Shorazova filed a fresh lawsuit alleging that Pio Valletta was not punctual in the agreed payments, with the consequence that it necessitated triggering the clause regarding the waiver of the sum of €300,000 from the total sum of €900,000.
Pio Valletta hit back, saying that his interpretation of the agreement was that if the repayments were not paid according to the stipulated dates, the amount of €300,000 would be paid to him as payment for his professional services.
But Justice Mangion rubbished this line of defense, saying that Valletta had not brought any evidence of professional fees due to him.
He noted that according to the agreement, “in the event that the defendant makes all the payments on account of the Settlement Sum as contemplated in clause 4.1 and 4.2 and punctually (meaning by not later than 5pm Malta time on each payment date), the claimant shall renounce to the remaining part of the Settlement Sum due in the sum of €300,000 and provide the defendant with a full and final receipt in respect of the Settlement Sum.”

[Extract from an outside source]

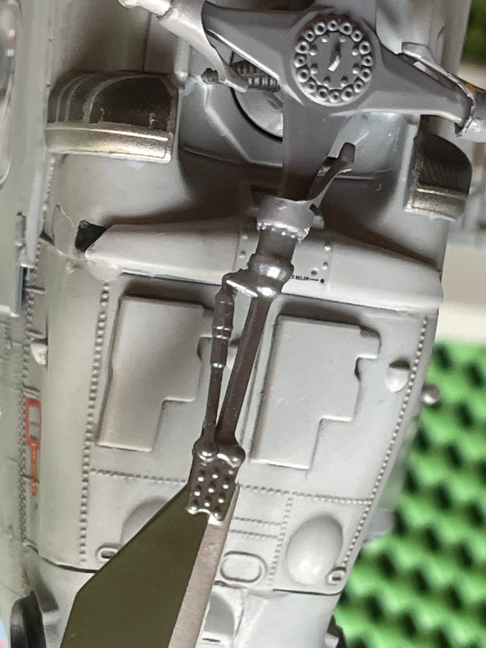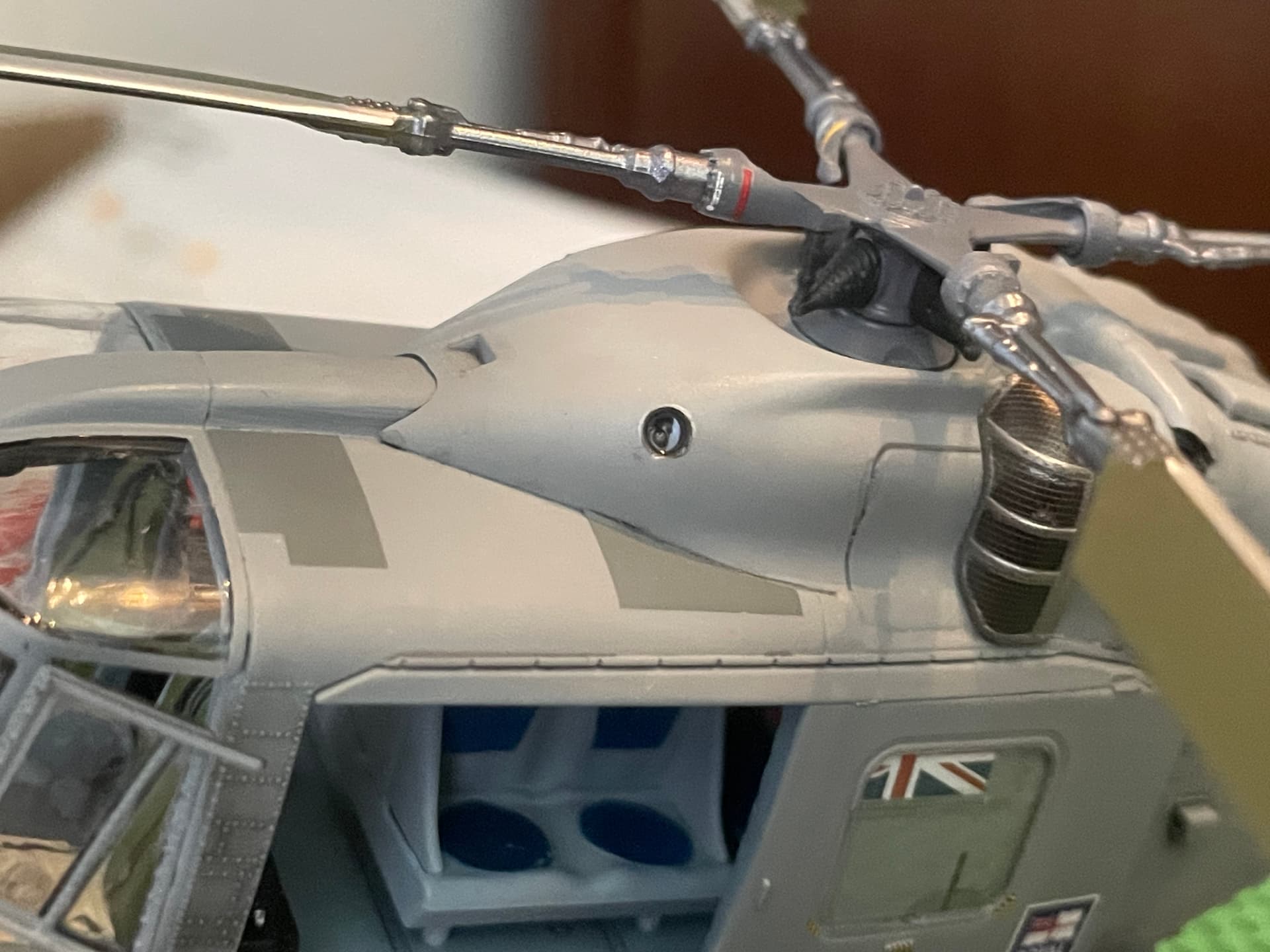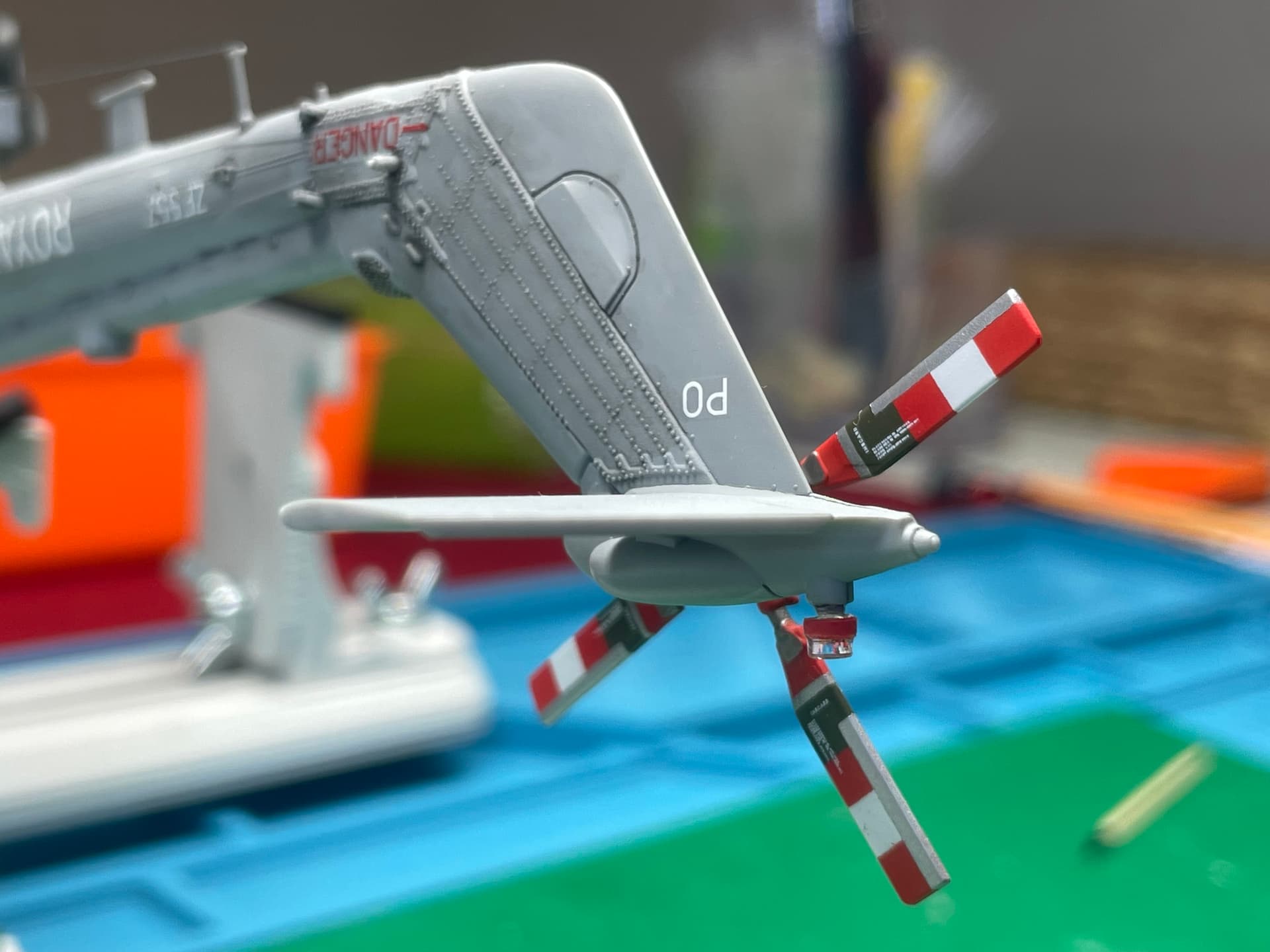 Before joining the tail section, I thought I’d somehow reproduce the rear rotor intake, which Airfix simply doesn’t show, but is actually covered by a mesh, like this:
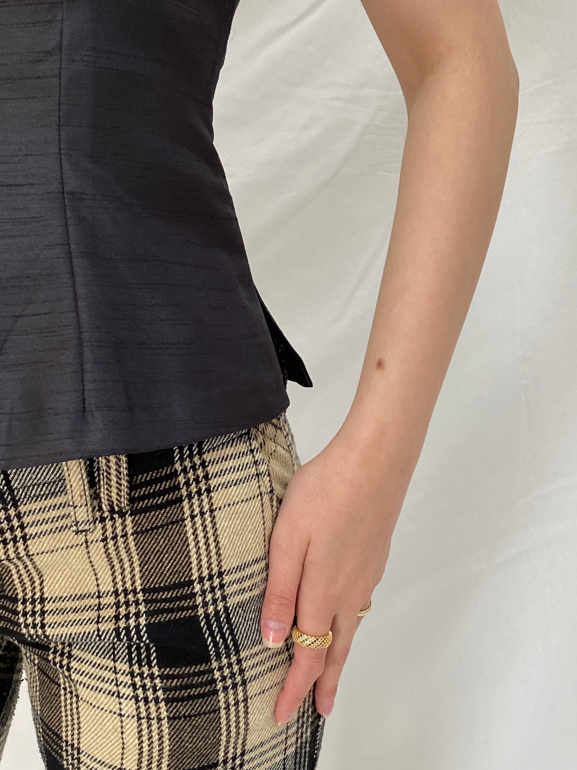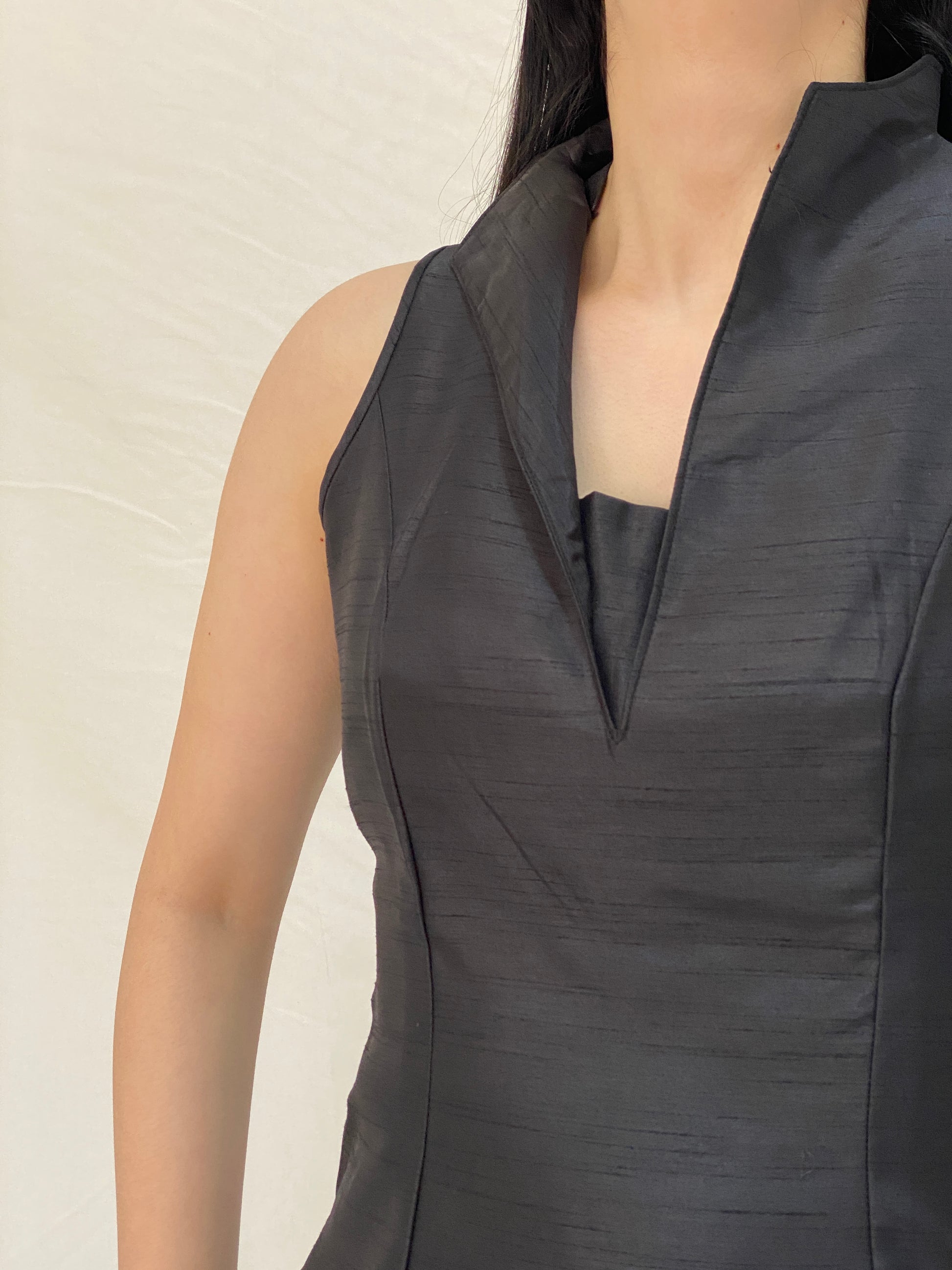 Vintage Handmade Black Satin Structured Sleeveless Tailored Top - S

Justice Mangion observed that while Valletta admitted to being late in some of the payments, some of them with the permission of Shorazova, at no point was he ever asked to pay more than those stipulated repayments. However, the justice noted that contrary to Valletta’s claim, it was not true that the late payments had the consent of Shorazova but had been Valletta’s “unilateral decision.”
Justice Mangion, therefore, ordered Valletta to pay Shorazova the €300,000 she was due for non-observance of the repayment terms.
The banking transactions occurred via the Bank of Valletta, Malta’s largest bank, led by Gordon Cordina. The bank is supposed to be supervised by MFSA and FIAU. The Malta Chamber of Advocates has so far remained silent on this extraordinary case.
About Rakhat Aliyev
Elnara Shorazova is the widow of Rakhat Aliyev, who had previously been married to the daughter of Nursultan Nazarbayev, President of Kazakhstan from 1991 to 2019. Political tensions arose between him and his former father-in-law, leading to a warrant being issued for his arrest, and he was forced to flee.
Aliyev married Shorazova in 2009, they lived in Malta until 2013.
Aliyev died in prison in Austria in 2015 while awaiting trial on charges of kidnapping and murdering two Kazakh bankers after having expressed fear that his life was in danger from Kazakhstan’s secret police. Aliyev was posthumously found not guilty.